Before I head off for my six-week hiatus, I thought I’d leave you a little reading material. A decade ago, I wrote a series of entries which I called “That Was The Millennium That Was,” chronicling what I thought were some of the best, worst and weirdest things of the last millennium. It was a pretty good series — good enough that I was able to repurpose some of the essays for resale and featured a couple others in Your Hate Mail Will Be Graded. But the whole run of the series has been off the site proper for over seven years, which means that many of you haven’t seen most of these pieces.
So, as a parting gift, here’s the whole series as a free e-book, DRM-free.
Clicking on the link should download the thing to your computer, and then you can transfer it to the e-book reader of your choice. Between EPUB and MOBI, I think I’ve just about covered every current e-book reader out there, and if you have an e-book reader that doesn’t read either of those formats, well, I guess I don’t know what to say to you, except, possibly, here’s the free MobiPocket reader for your computer.
Two notes:
1. This is an amateur e-book, created by me cutting and pasting the entries into an RTF file and then running it through a format converter. So a) it is very lightly copy-edited and you may run into a few flubs here and there, b) it’s not a brilliant work of e-book formatting. Hey, it’s free, and I think I caught 95% of the misspellings. You can handle the rest. No, I don’t want you to send me an e-mail telling me when you find a flub. I’ll be on hiatus, remember?

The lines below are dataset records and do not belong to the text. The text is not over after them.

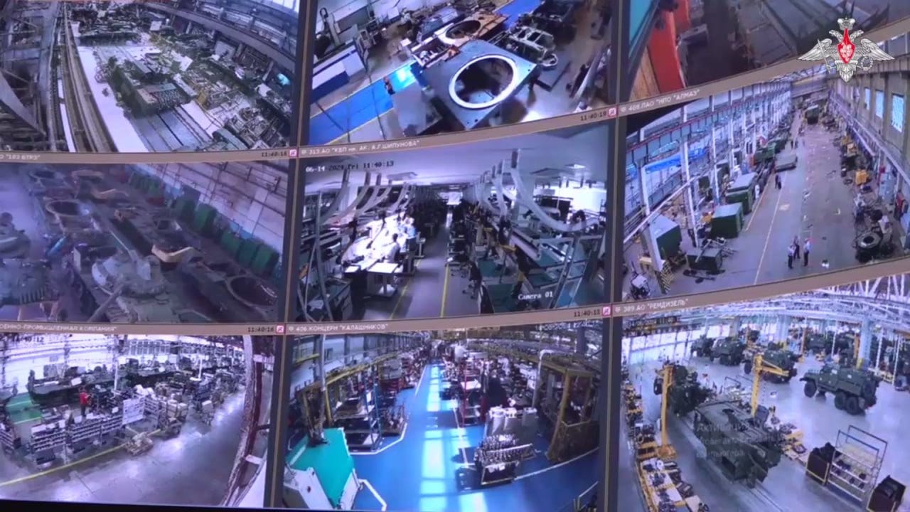 The importance of Russia’s tank and armor production and the smooth operation of the facilities cannot be understated if the MOD generals themselves watch the factory floors from their HQ all day long. On the top left is footage from Uralvagonzavod BMPT Terminator production line, as well as Atamanovsky Armored Repair Plant 103 with the refurbishment of T-62s, VPK Plant making 6x6 MRAPs, Remdiezel engine plant, and more.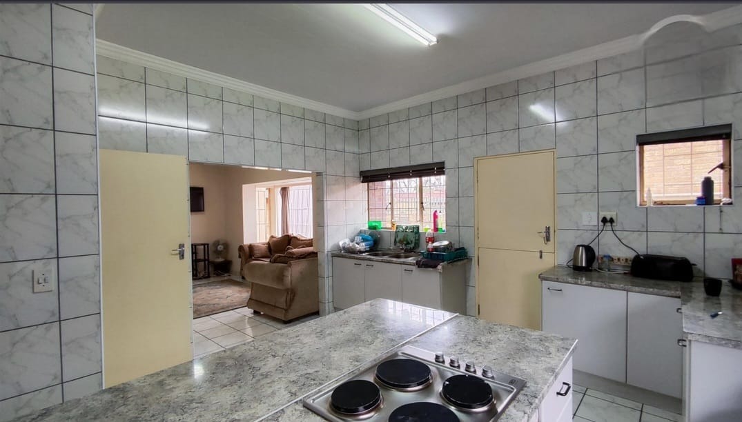 Inside, the residence presents a functional layout designed for family life. It includes two comfortable lounges and a dedicated dining room, offering versatile spaces for relaxation and formal meals. The kitchen is a highlight, featuring an open-plan design with a practical island that includes an integrated stovetop, ample cabinet space, and tiled walls for easy maintenance. This area flows seamlessly into a living space, promoting an inclusive atmosphere.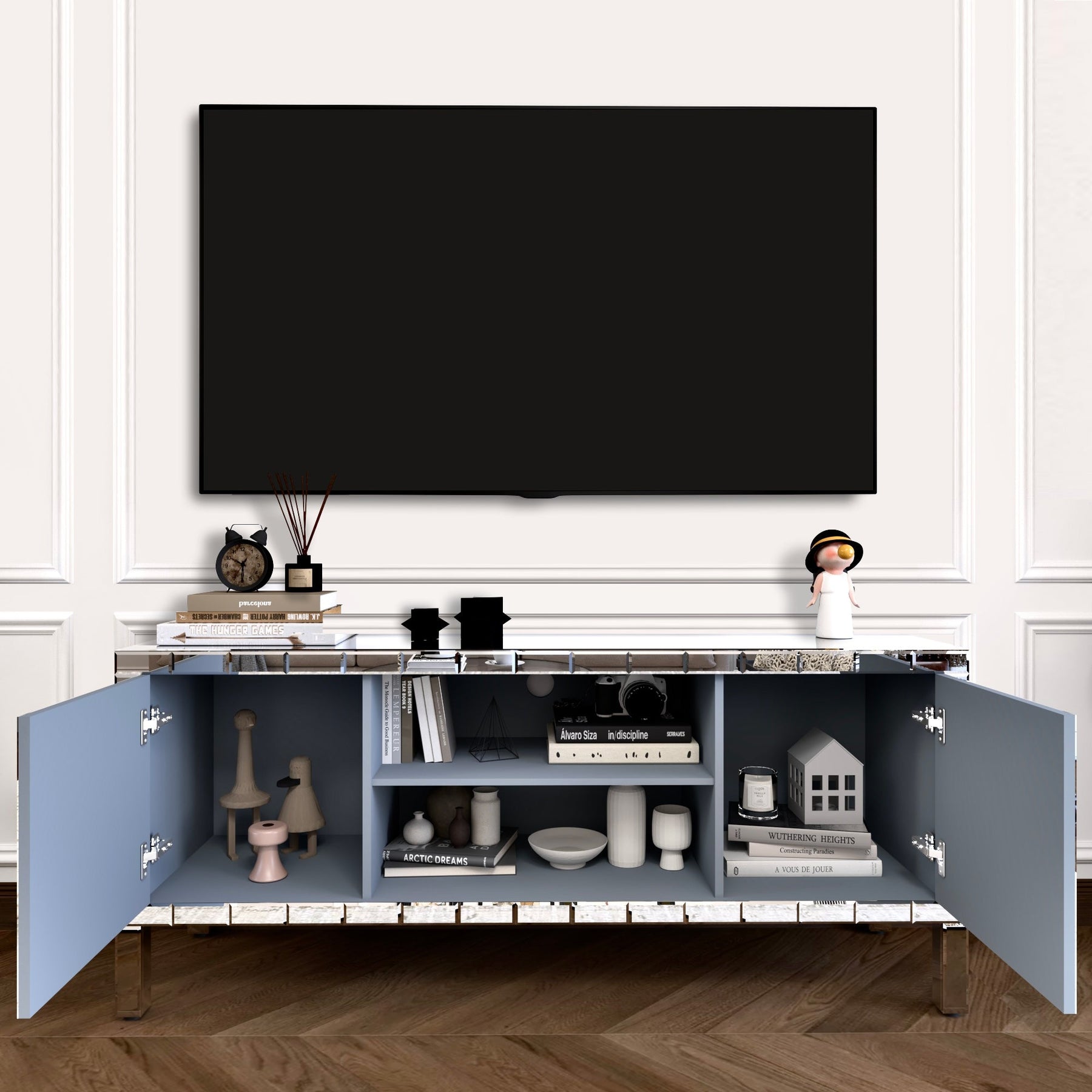 With plenty of storage space and a gleaming mirror finish, this versatile TV stand adds plenty of glamour and style to your living room. Its 60-inch wide frame is made of solid wood and glass with an antique silver finish and is built on a pedestal-style base. Two cabinet doors feature a gleaming vertical and horizontal style with brushed steel knobs. Each individual cabinet door opens to hold board games, books and dvds.Plus, this TV stand has two open shelves in the middle, perfect for your cable box and game console.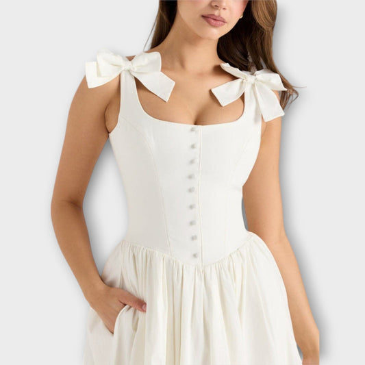 Mira - Striking Single-Breasted Midi Dress with Tie Detail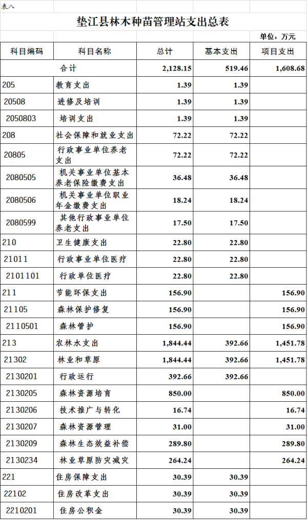 8.垫江县林木种苗管理站部门支出总表

(Update, 5:20pm: Whatever reader Béranger has been kind enough to add a table of contents to the epub version; I’ve updated the file with the new version. Thanks, Béranger!)
2. Feel free to share the e-book on a non-commercial basis (i.e., one-on-one with friends, etc), and to mention it on your blog, in tweets, and so on — and if you do, thanks very much. But do me a favor and link to this post when you tell people about it, because that way I can have a reasonable gauge of how many copies have been downloaded, which is information I would actually find useful for thinking about free e-books in the future. Please don’t upload it to repository sites like Scribd, or to torrents or other such things, again, so I can have a reasonably clear idea how many people are checking the thing out. Thanks.
One final note — this e-book is offered for free, as a gift, with no expectation of payment. I’m good for now, thanks. That said, if after reading it you feel moved toward compensation one way or another, I would be pleased if you took a dollar or two (or three, or five, or ten) and sent it to a literacy charity of your choice. Two that I like are Reading is Fundamental and First Book. Literacy is a good investment for everyone, and helping kids and adults learn to read is one of the best ways to “pay it forward.” So give it some thought, if you enjoy what you read. Thanks.